Todd Barton
Solstice Performance
On June 19, 2021, Todd Barton headlined the Solstice Festival at the TANK Center for Sonic Arts, in Rangely, Colorado. Known as one of the pioneers of the synthesizer on the West Coast, Todd also played recorder and shakuhachi (Japanese bamboo flute) for his performance in The TANK.
Here’s Todd, playing the shakuhachi in The TANK.
The track below is a montage of moments from his concert. It intersperses his woodwind instruments with improvisation on synthesizer. The first piece in this montage is De Lof Zangh Marie from 1648 by Jacob van Eyck, which Todd Barton performs on a tenor recorder. The main body of music here is freely improvised on his Buchla Music Easel, an analog synthesizer. The montage concludes with Todd’s original composition for shakuhachi (Japanese bamboo flute) entitled Tai Hei (Big Peace).

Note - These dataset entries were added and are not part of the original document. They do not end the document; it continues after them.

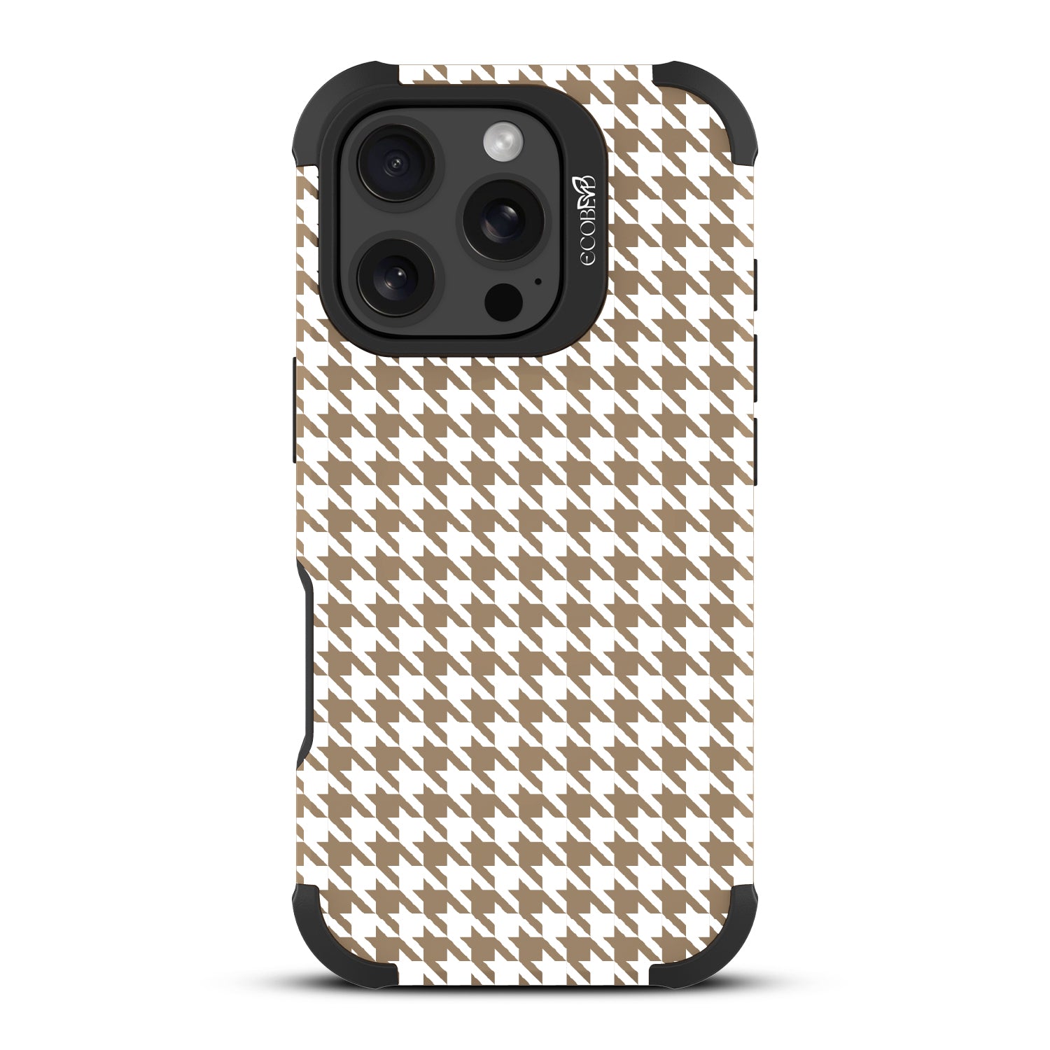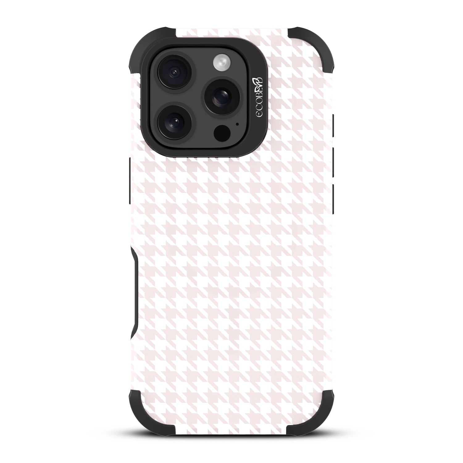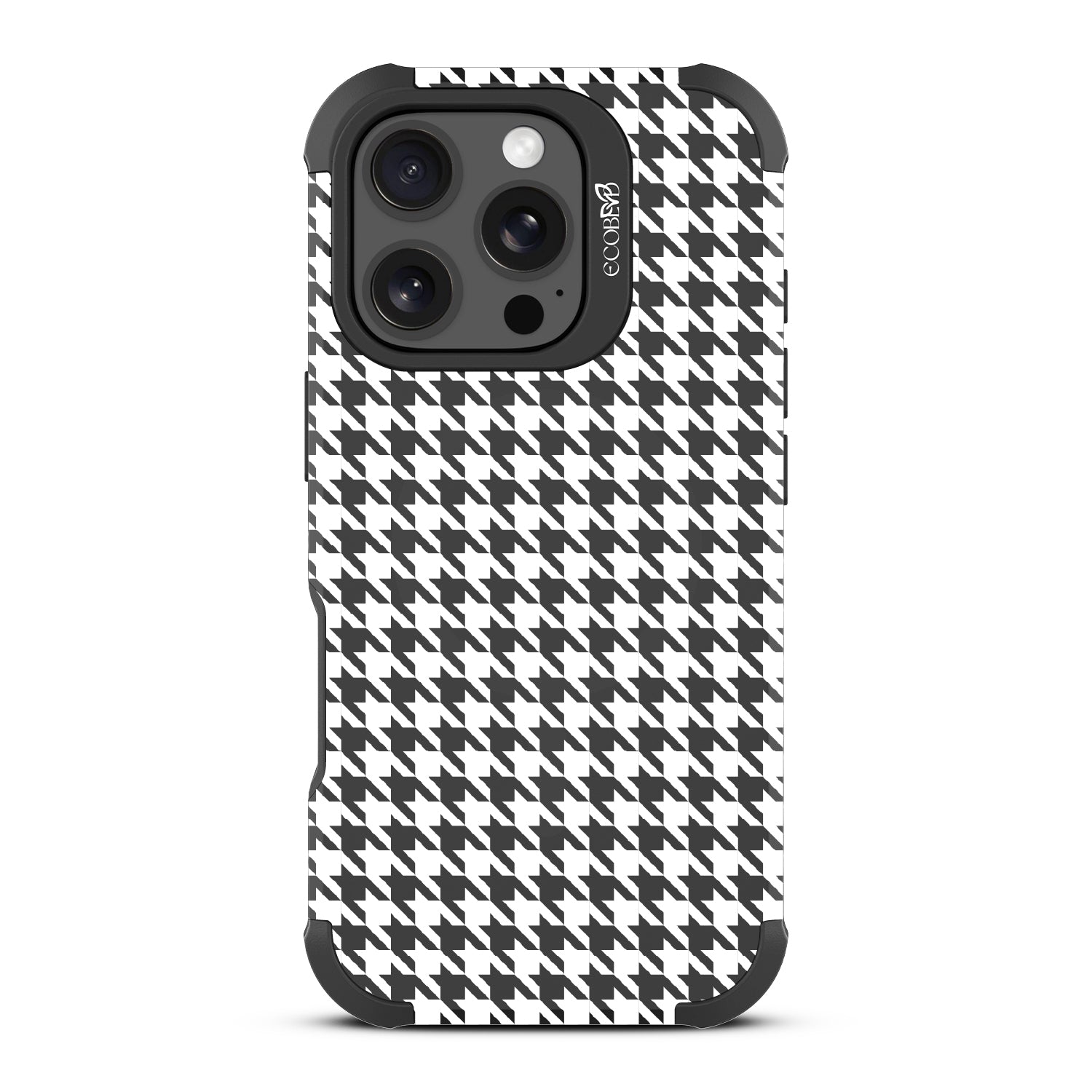 The Houndstooth design on our Reforge rugged iPhone 16 Pro phone case will have you saying, "Check, please!" as its utilitarian two-toned weaved pattern brings a high society attitude to wake up your style and your phone with a bold look.
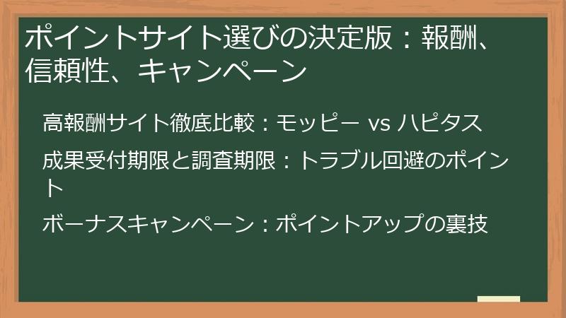 これらの要素を総合的に比較検討し、自分に最適なポイントサイトを選びましょう。
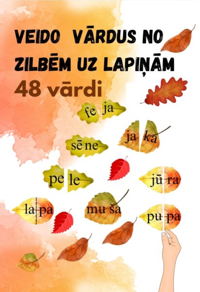 Materiālā iekļautas 48 rudens lapiņas,no kurām var izveidot divzilbju vārdus.Lielie iespiestie un mazoe iespiestie.
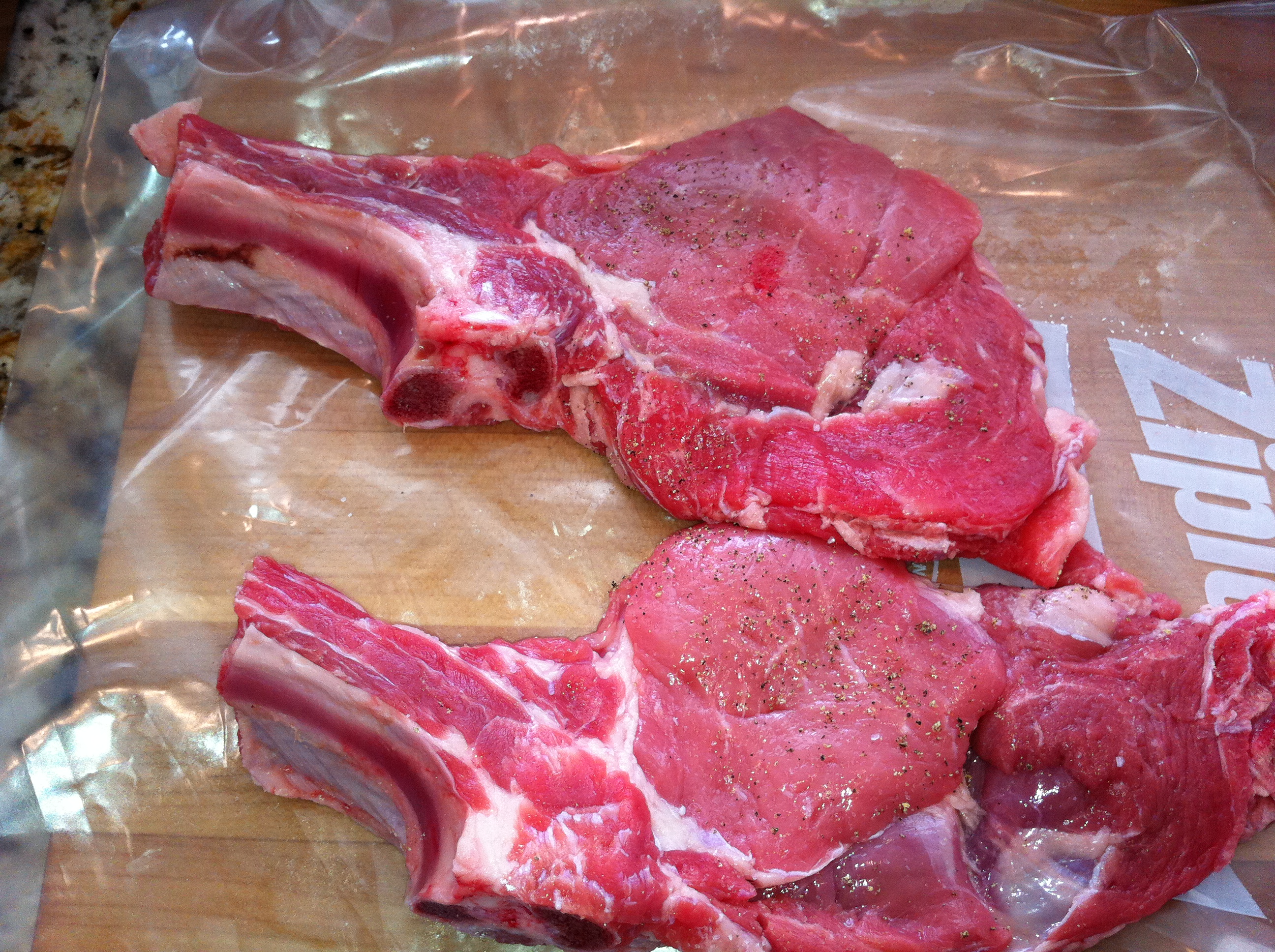 Heat large saute pan over medium heat, add olive oil and butter. When hot, brown chops on both sides (about 3 minutes per side). Remove to paper tower-lined pan and place in warm oven (170 degrees) until ready to serve.
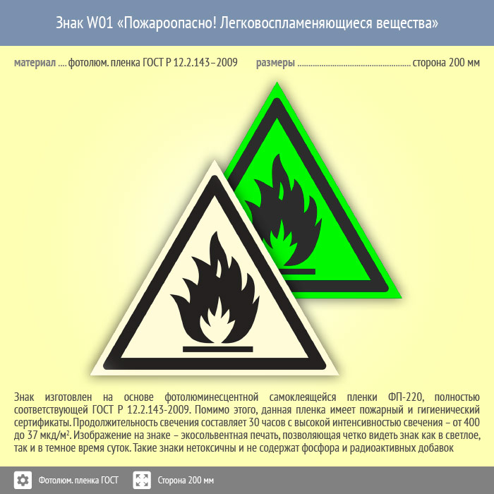 Знак W01 «Пожароопасно! легковоспламеняющиеся вещества» (фотолюминесцентная пленка ГОСТ 34428-2018, сторона 200 мм) в Томске купить

Todd Barton is a composer, sound designer, multimedia performer, and analog synthesist, specializing in Buchla Electronic Musical Instruments, the iconic synthesizers that have defined West Coast experimental music since the early ‘70s. He is also Resident Composer Emeritus for the Oregon Shakespeare Festival.
His compositions have been performed by the KRONOS Quartet, Oregon Symphony Orchestra, San Jose Chamber Orchestra, Southern Oregon Repertory Singers, the Shasta Taiko, and the Rogue Valley Symphony, to name a few. Barton has received numerous awards for his theater music including the ASCAP Award for Popular Music, Dramalogue Critics Award, and the San Francisco Bay Area Theatre Critics Circle Award. He recently received a Jeff Award Nomination in Chicago for his original score to The Oedipus Complex.
His music has been heard on NPR’s Morning Edition, Westcoast Live, and the Curve of Wonder. Todd’s Genome Music has been heard and exhibited at the Smithsonian Institute, the Carnegie Institute of Biological Research at Stanford University, the Santa Barbara Museum of Art, the Graduate Art Gallery at CUNY (NY) as well as mentioned in articles for the Washington Post, New York Times, Christian Science Monitor, The Economist and Wired.

After four decades of exploration Todd Barton is still delving deeply into the ever-expanding frontiers of musical expression: from his DNA derived Genome Music to his innovative scores for plays at the Oregon Shakespeare Festival; from performances of Zen Shakuhachi Meditation Music to avant-garde music for electronic synthesizers and computers; from performing with luminaries of jazz and poetry to lecturing on music and composition from the Middle Ages to the 21st Century.